Thank you, Dave Fleet, for drawing my attention Christie Blatchford‘s comments on blogging and online conversation.

The general public has had the ability to join the conversation at newspapers (and magazines) for years through letters to the editor even if the online community believes this to be a new phenomenon, exclusive to themselves. To their credit, editors publish letters that present both supporting and contrary points of view — just like a normal conversation would.

The process of having a letter to the editor printed includes an editorial review which selects the letters that present an intelligent argument or thought in a productive way, and may also involve the refinement of the letter in a way that includes both the author of the letter and the editor of the newspaper. There are many logical and obvious reasons for this approach including the fact that there is a finite amount of space on the printed page.

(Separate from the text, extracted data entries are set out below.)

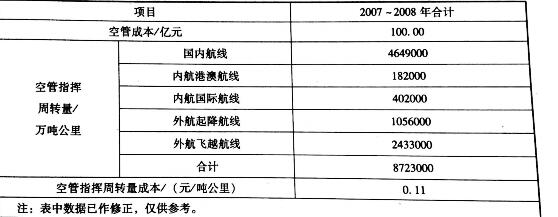 根據上述方法,統計2007年、2008年各類航線上的實際空管指揮周 轉量、航線運輸量及運輸收入 根據拉姆齊模型,將運輸基礎設施成本按照不同用戶需求彈性進行分 攤,可以得到最大化的社會福利,即價格彈性大的用戶負擔較少成本,價格 彈性小的用戶承擔較多成本。用戶價格彈性可采用相應航線上的運價表示。 按運輸量平均價格將空管成本在國際與國內國際快遞之間分攤要根據國際和國內國際快遞周轉量價格水平來分攤空管成本。設空管指揮總成本為C,國 內航線上應分攤的成本為CA,國際航線上應分攤的成本為Ca,對應航線 上的空管指揮周轉量為T、Ta,對應航線上單位運輸量的機票價格為P、 Pa,對應的分攤計算即為根據式計算得到國內國際快遞空管指揮周轉量成本為0.0701元/噸公里,國際國際快遞空管指揮周轉量成本為0.1656元/噸公
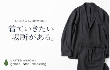フォーマル・ビジネスからカジュアルまで。 幅広いシーンに対応する、グリーンレーベル リラクシングのセットアップ。 リラックス感ときちんと感を両立させ、日常を心地よく彩ります。
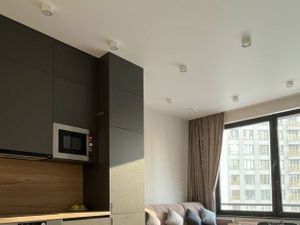 Новый ремонт и минималистичный интерьер создают комфортное, хорошо организованное пространство. Кухня совмещена с гостиной, здесь же - выход на балкон. В квартире 2 санузла.
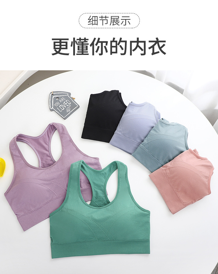 标题:跨境无缝运动内衣女健身文胸聚拢防震背心透气裹胸工字外穿美背女
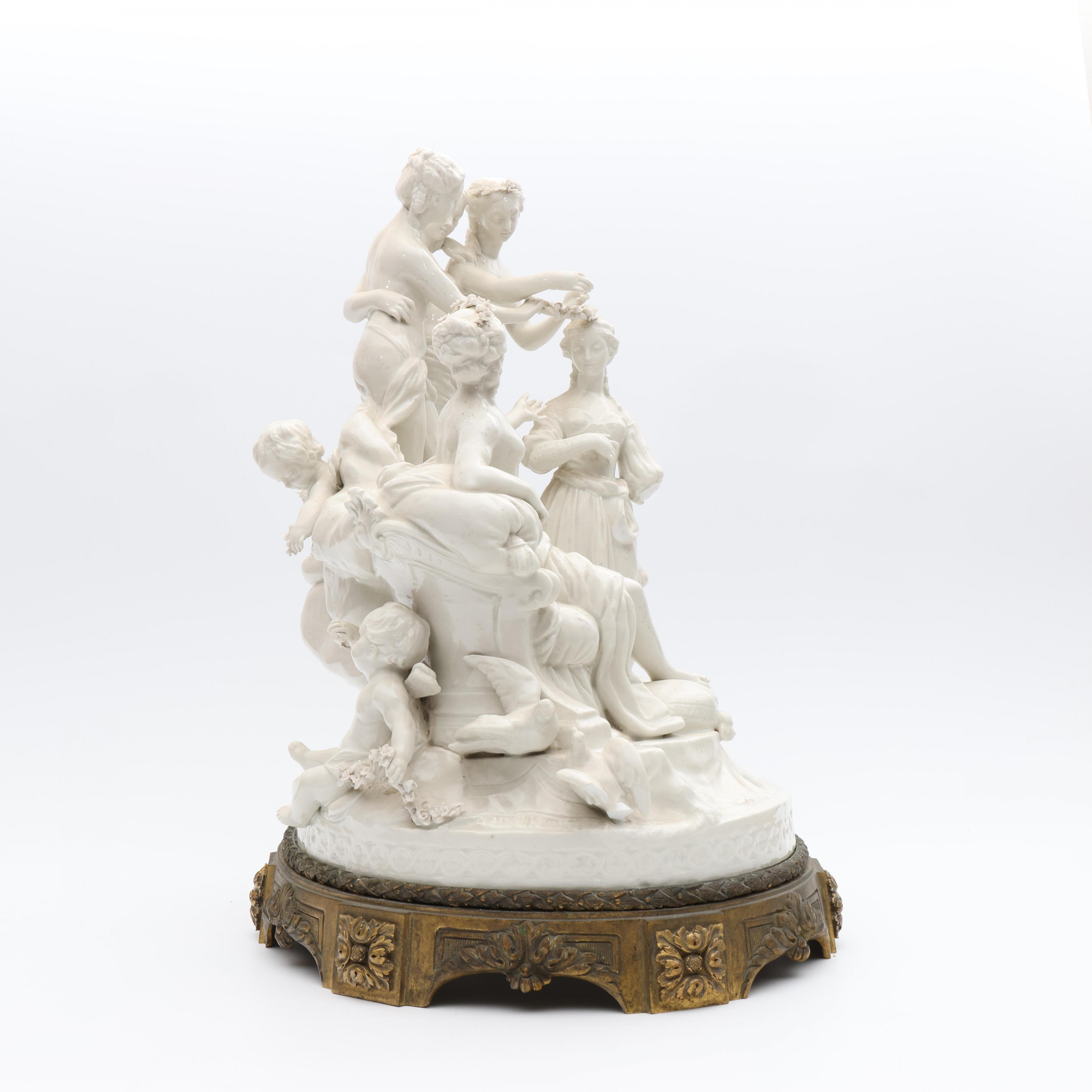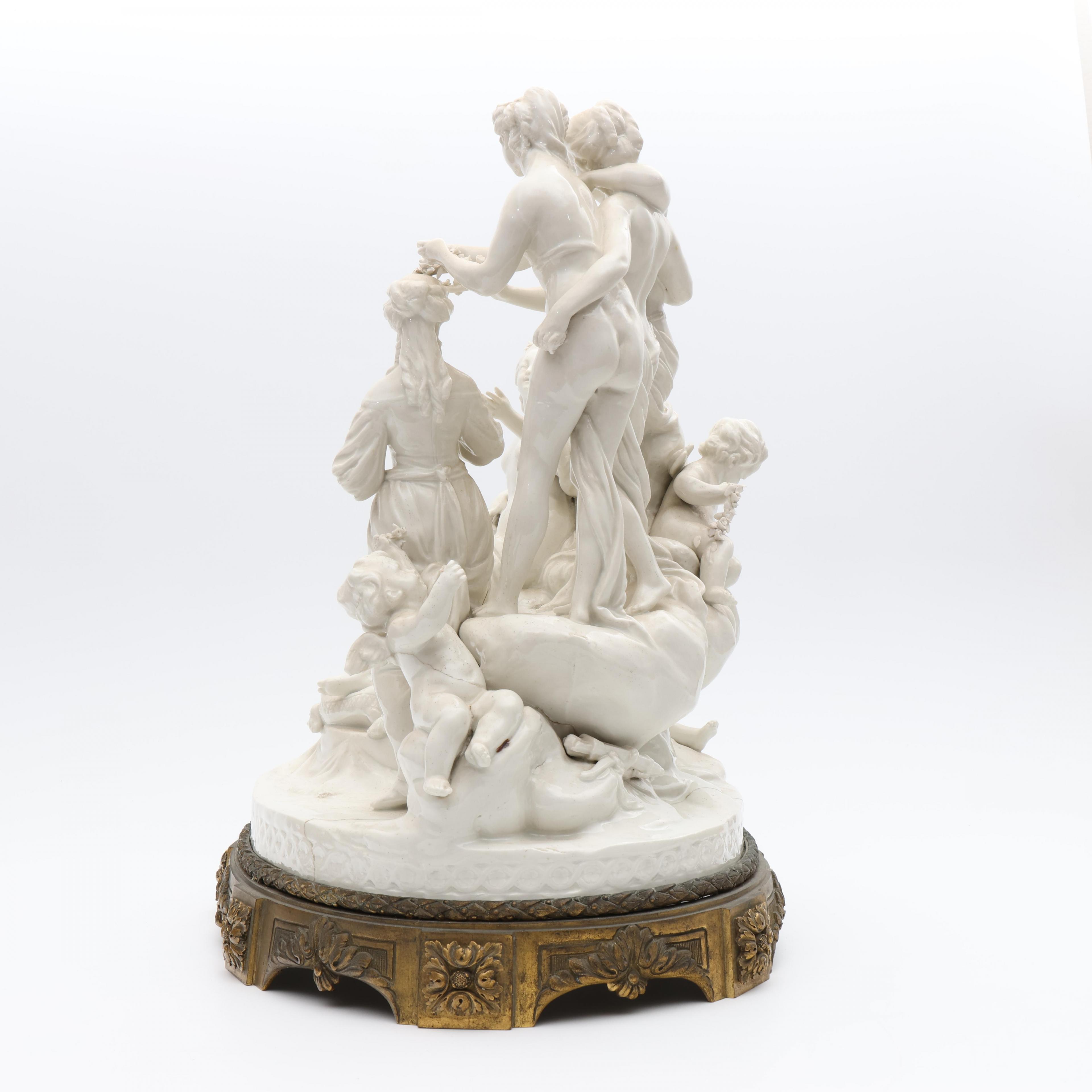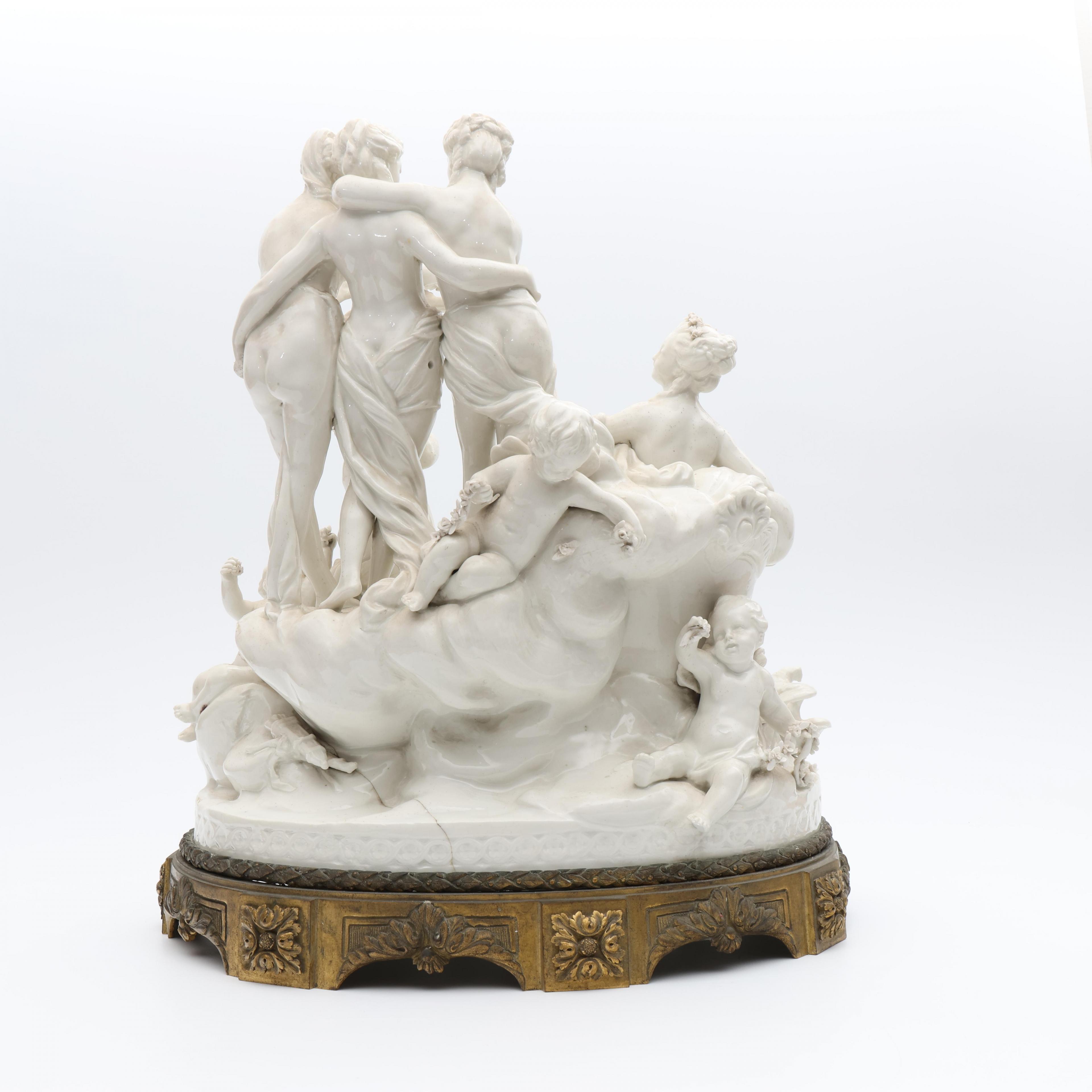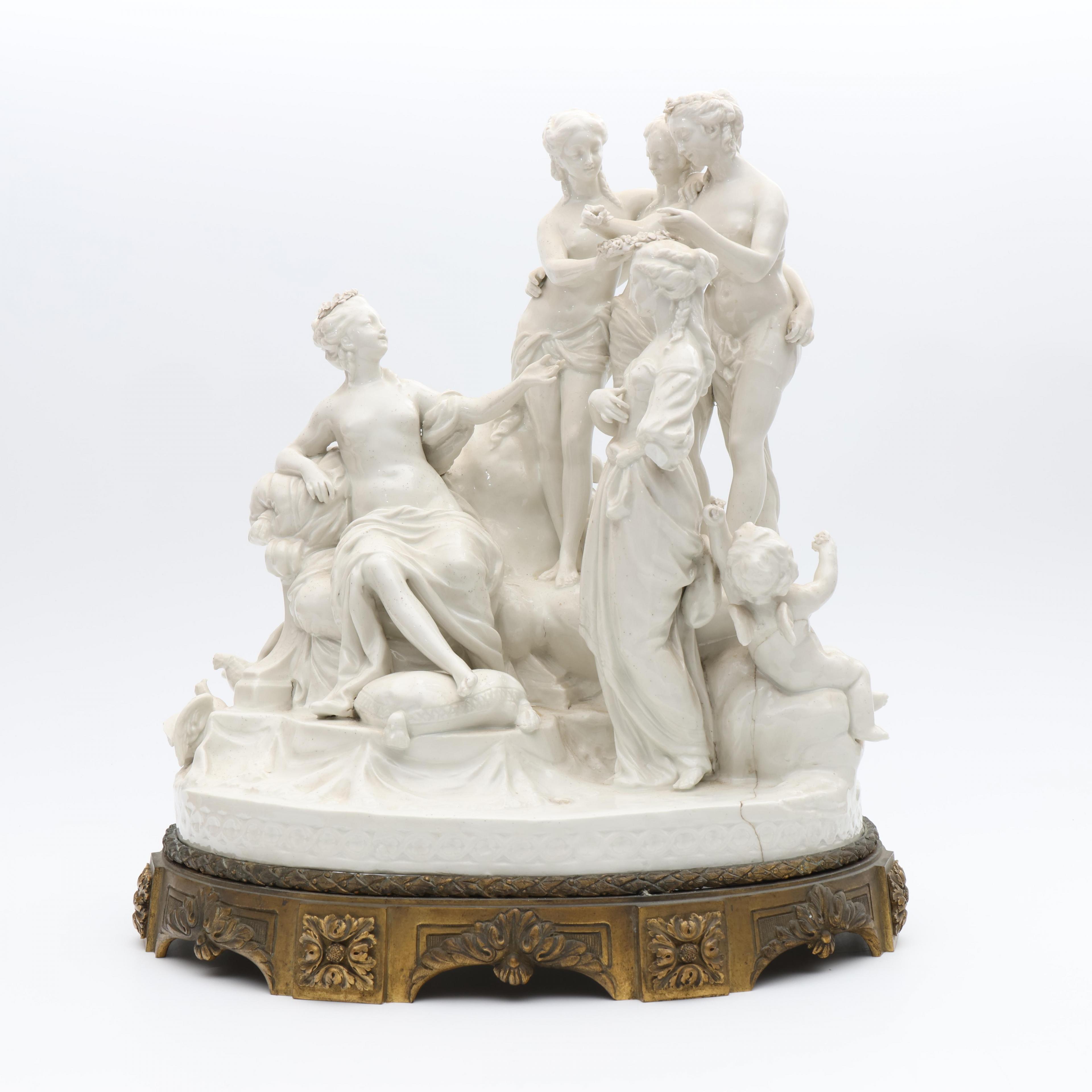 Voorstellende mythologische groep. Onderzijde gemerkt met semi Meissen merk. Geheel op vuurvergulde bronzen voet. (Bodem gelijmd, beschadigingen, manco's).

Comment moderation on a forum, blog or podcast site isn’t even a distant cousin of the newspaper approach. There is a lot of pressure in the online community to not moderate comments in favour of letting people share their uncensored, unrefined and kneejerk thoughts. Ms. Blatchford correctly points out that this typically leads to a ‘brief, ungrammatical shouting match‘.

In the race to be heard online, the favoured approach has become being the contributor that ‘yells’ the loudest — intelligible or not. Website owners would never dare to suggest working with the commenter to make their comments more productive. It’s socially unacceptable and has become an unwritten yet well known rule. Even if that approach were acceptable, most site owners don’t have the time to take that upon themselves, much less do it without consulting with the contributor.

I don’t expect that there will ever be a happy medium to this conundrum and that’s why many journalists won’t take to blogging even if their employer allows and encourages it. It may also be the reason behind the increasing number of newcomer-bloggers that don’t allow comments or provide contact information on their sites. Commenters no longer need the cooperation of the site owner since they can post their own points or counter points on their own sites.

The challenge for newspapers is to find a way to evolve their approach to conversation management from the printed page to the online world — becoming more responsive and yet still working within the ever evolving and increasingly bootstrapped revenue models.